▶ _TASK INPUTS_
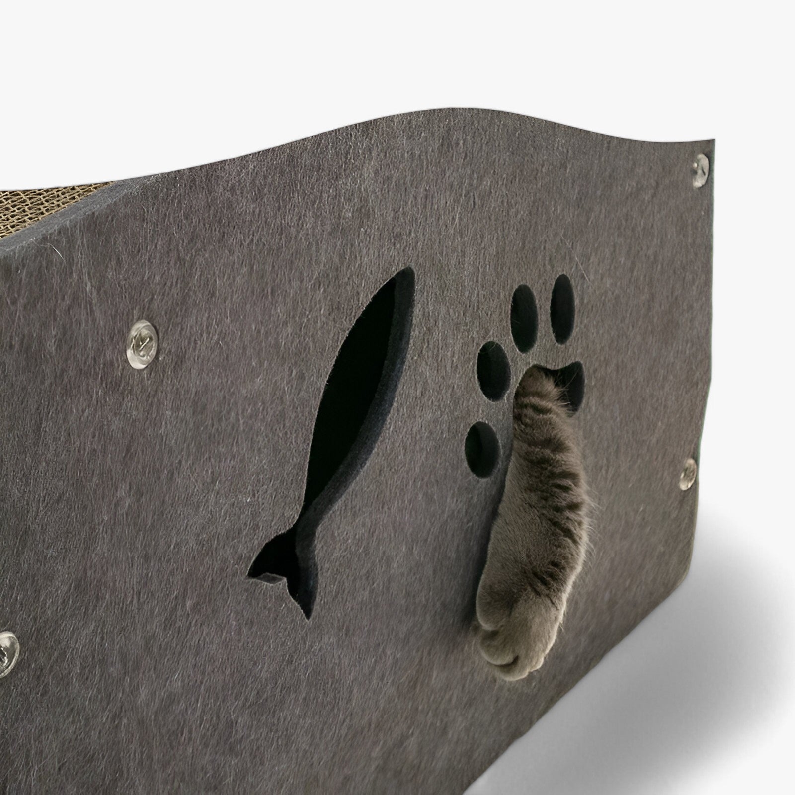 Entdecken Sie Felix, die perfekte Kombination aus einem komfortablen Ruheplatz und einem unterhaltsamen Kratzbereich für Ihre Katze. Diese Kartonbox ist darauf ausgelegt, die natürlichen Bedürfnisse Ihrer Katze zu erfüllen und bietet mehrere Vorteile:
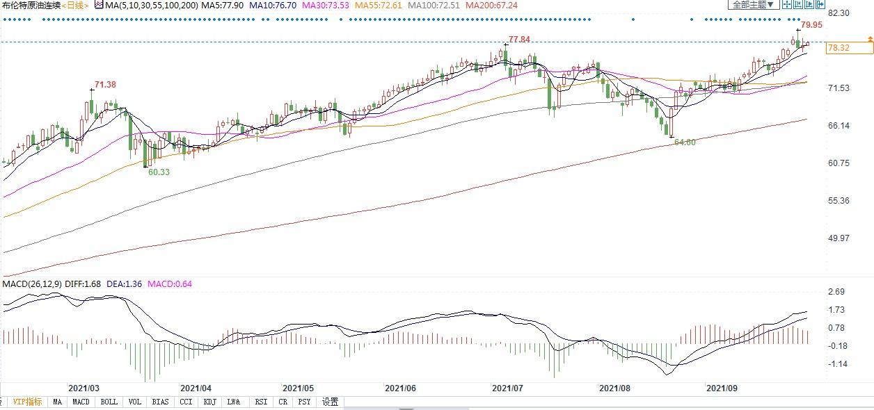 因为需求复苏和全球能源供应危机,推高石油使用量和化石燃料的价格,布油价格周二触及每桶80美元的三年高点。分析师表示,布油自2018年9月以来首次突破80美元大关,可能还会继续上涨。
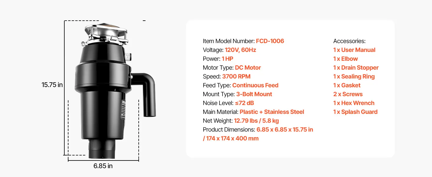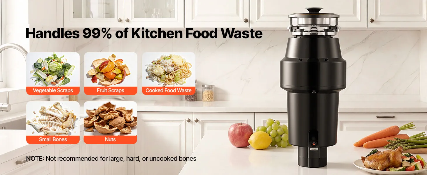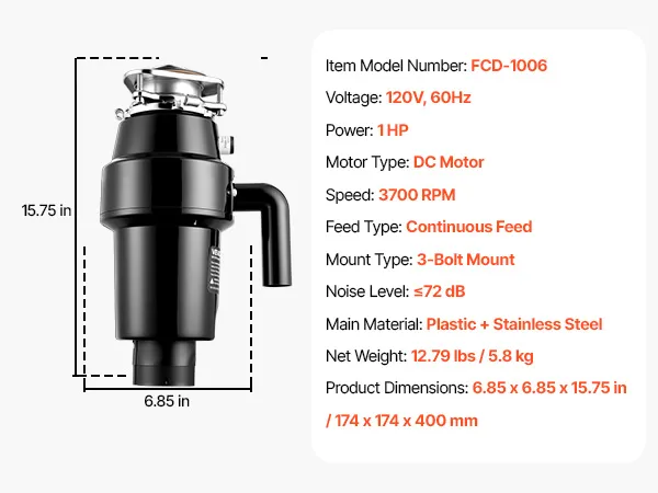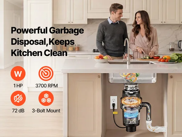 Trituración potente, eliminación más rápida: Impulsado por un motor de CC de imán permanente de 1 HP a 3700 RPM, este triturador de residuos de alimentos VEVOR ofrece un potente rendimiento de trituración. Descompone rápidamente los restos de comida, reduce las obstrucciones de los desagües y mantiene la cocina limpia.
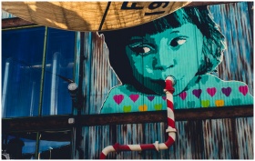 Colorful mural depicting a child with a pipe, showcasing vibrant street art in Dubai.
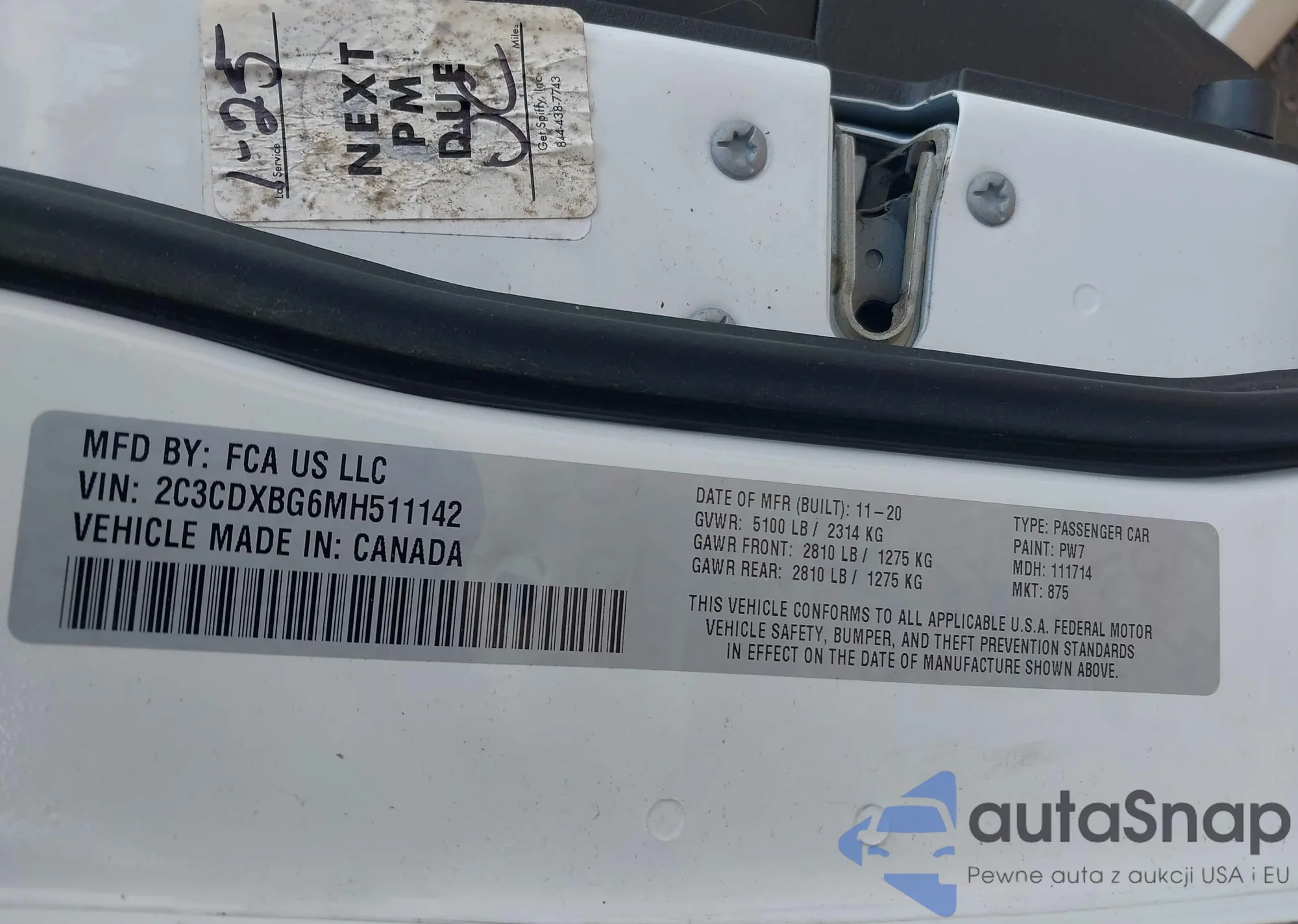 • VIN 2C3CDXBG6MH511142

==

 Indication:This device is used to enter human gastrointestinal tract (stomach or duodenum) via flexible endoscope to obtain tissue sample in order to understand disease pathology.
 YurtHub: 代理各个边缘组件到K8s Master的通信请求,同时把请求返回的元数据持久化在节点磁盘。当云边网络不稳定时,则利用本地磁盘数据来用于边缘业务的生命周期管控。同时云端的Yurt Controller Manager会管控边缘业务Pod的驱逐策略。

▶ _WHAT THE TASK ASKS_
For this exercise, set down the lines in the entries above from the one with "Entdecken Sie Felix, die" through the one with "因为需求复苏和全球能源供应危" exactly as written, without any pictures.

▶ _RESPONSE AREA_
 Entdecken Sie Felix, die perfekte Kombination aus einem komfortablen Ruheplatz und einem unterhaltsamen Kratzbereich für Ihre Katze. Diese Kartonbox ist darauf ausgelegt, die natürlichen Bedürfnisse Ihrer Katze zu erfüllen und bietet mehrere Vorteile:
 因为需求复苏和全球能源供应危机,推高石油使用量和化石燃料的价格,布油价格周二触及每桶80美元的三年高点。分析师表示,布油自2018年9月以来首次突破80美元大关,可能还会继续上涨。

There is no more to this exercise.